With the rising cost of higher education, every tax break counts. For Australians studying in the United States, or families with dual citizenship or US tax obligations, the American Opportunity Tax Credit (AOTC) could mean significant savings. But how does the AOTC work in 2025, who qualifies, and what’s changed? Here’s a clear look at how this US tax incentive may benefit Australians abroad.
What Is the American Opportunity Tax Credit?
The American Opportunity Tax Credit is a US tax credit designed to make tertiary education more affordable. It allows eligible students (or their parents) to claim up to USD $2,500 per year for qualifying education expenses during the first four years of higher education. If the credit reduces your tax bill to zero, up to 40% (up to $1,000) may be refunded—even if you owe no tax.
- Eligible expenses include tuition, required fees, and course materials.
- Income limits (2025): The full credit is available for taxpayers with a modified adjusted gross income (MAGI) up to USD $80,000 (single) or $160,000 (married filing jointly). The credit phases out above these thresholds and disappears entirely at $90,000/$180,000.
- Claim period: The AOTC can be claimed for each eligible student for up to four tax years.
Who Can Claim the AOTC in 2025?
Australians may be surprised to learn the AOTC is not just for US citizens living in America. You may qualify if you:
- Are a US citizen or resident alien (including dual citizens with an Australian and US passport) filing a US tax return.
- Pay qualifying expenses for yourself, your spouse, or a dependent enrolled at an eligible US (or select overseas) institution.
- Have a valid Social Security Number (SSN) by the due date of your US tax return.
For Australians on student visas at US universities, you’re typically classified as a ‘nonresident alien’ for tax purposes and may not be eligible unless you meet the ‘substantial presence’ test or have US citizenship/residency. However, dual citizens and green card holders often qualify and can benefit substantially.
2025 Updates: What’s New for the AOTC?
For the 2025 tax year, the core structure of the AOTC remains unchanged, but there are a few policy tweaks and reminders:
- Indexation of income thresholds: While the AOTC’s income phaseout limits have not shifted, there’s renewed discussion in the US Congress about indexing these thresholds to inflation—keep an eye out for future changes.

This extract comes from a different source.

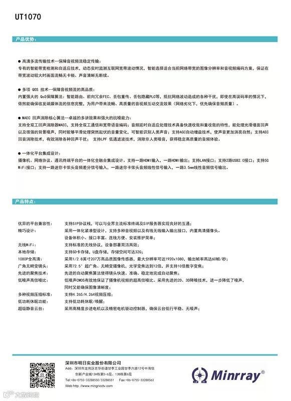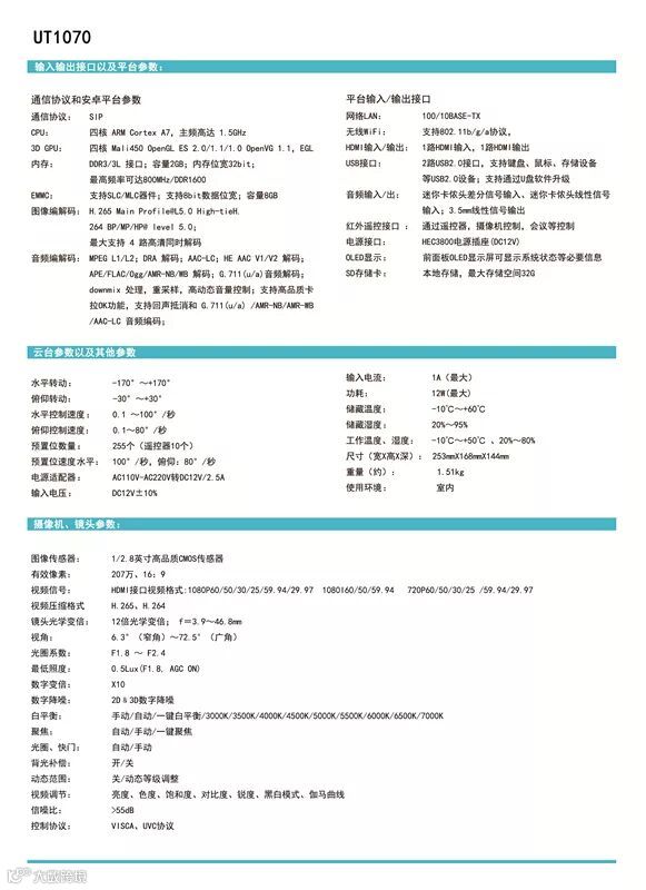 信息通信类一体机UV1202摄像机具有5倍/10倍/12倍/20倍等多倍光学镜头;最大广角无畸变视角为83.7°;先进的ISP处理技术和算法,使得图像效果生动逼真、光色层次感强、色彩还原性好。多应用于互联网+党建、党员培训、智慧政务、防恐维稳、应急指挥、双师教育等应用场景。

- Remote learning and eligible expenses: As online degrees become more common, the IRS has clarified that course materials, software, and technology required for coursework remain eligible expenses, as long as they’re mandatory for enrolment or attendance.
- Filing requirement: You must file IRS Form 8863 with your US tax return to claim the AOTC. The IRS continues to crack down on ineligible claims, so keep all receipts and proof of enrolment.

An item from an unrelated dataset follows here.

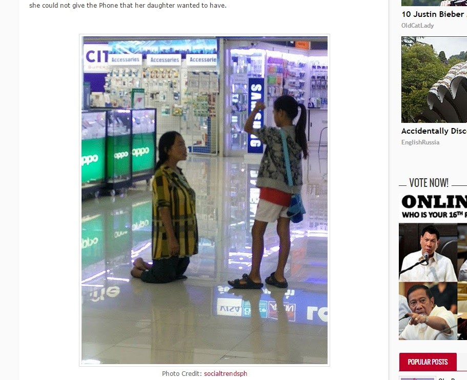 根據《Social Trendsph》網站報導,這起事件發生在芭達雅的Harbor 商場,由於家中經濟狀況不佳,這名母親甚至也買不起自己想要的東西,她對女兒說,她們沒有足夠的錢買她想要的手機,隨後便在女兒面前跪了下來,一直求她原諒;但15歲的女兒就站在那裡,沒有做任何事情,更沒有上前扶起她的母親,甚至大聲責備,令在場人士都看不下去。

Example: Sarah, an Australian-American dual citizen, is studying environmental science at a US university in 2025. She pays $12,000 in tuition and $800 for required textbooks. Because her MAGI is $70,000, she qualifies for the full AOTC and can reduce her US tax bill by $2,500. If her tax owed is less than the credit, she may receive part of the credit as a refund.
Practical Tips for Australians with US Ties
- Check institution eligibility: Most accredited US colleges and universities qualify, as do some recognised overseas institutions—check the US Department of Education’s database.

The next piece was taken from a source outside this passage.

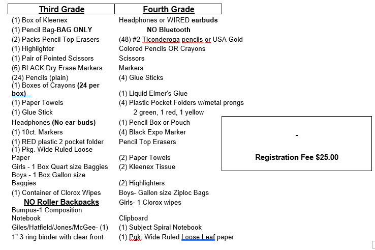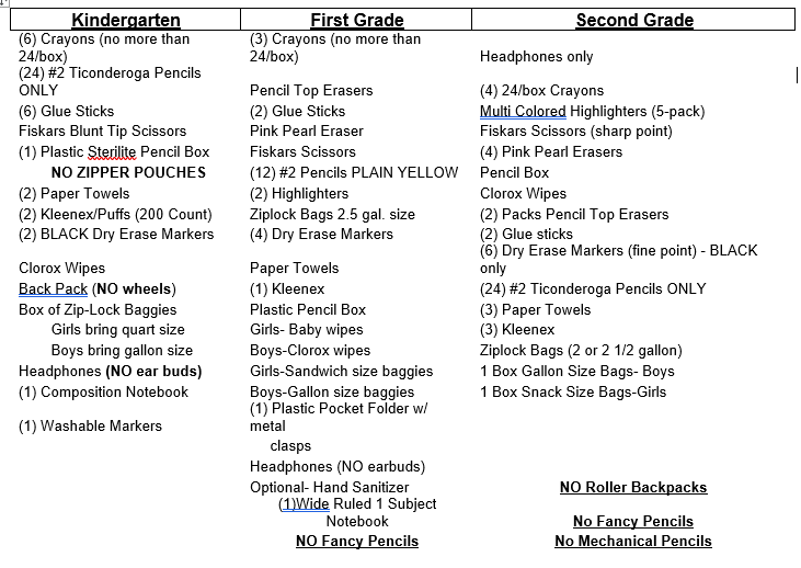 K-4 School Supply Lists

- Keep records: Save receipts, payment confirmations, and course syllabi in case of an IRS audit.
- Coordinate with other tax benefits: You can’t double-dip with the Lifetime Learning Credit or use the same expenses for multiple education credits.
- Understand residency rules: If you’re an Australian resident for tax but a US citizen, you may have dual filing obligations—ensure you claim the AOTC only on your US return.
Should You Rely on the AOTC?
The AOTC remains one of the most generous US education tax credits, especially for families with students in their first four years of study. For Australians with US tax obligations, it can ease the financial burden of American tertiary education, whether you’re studying in the States or supporting a dependent abroad.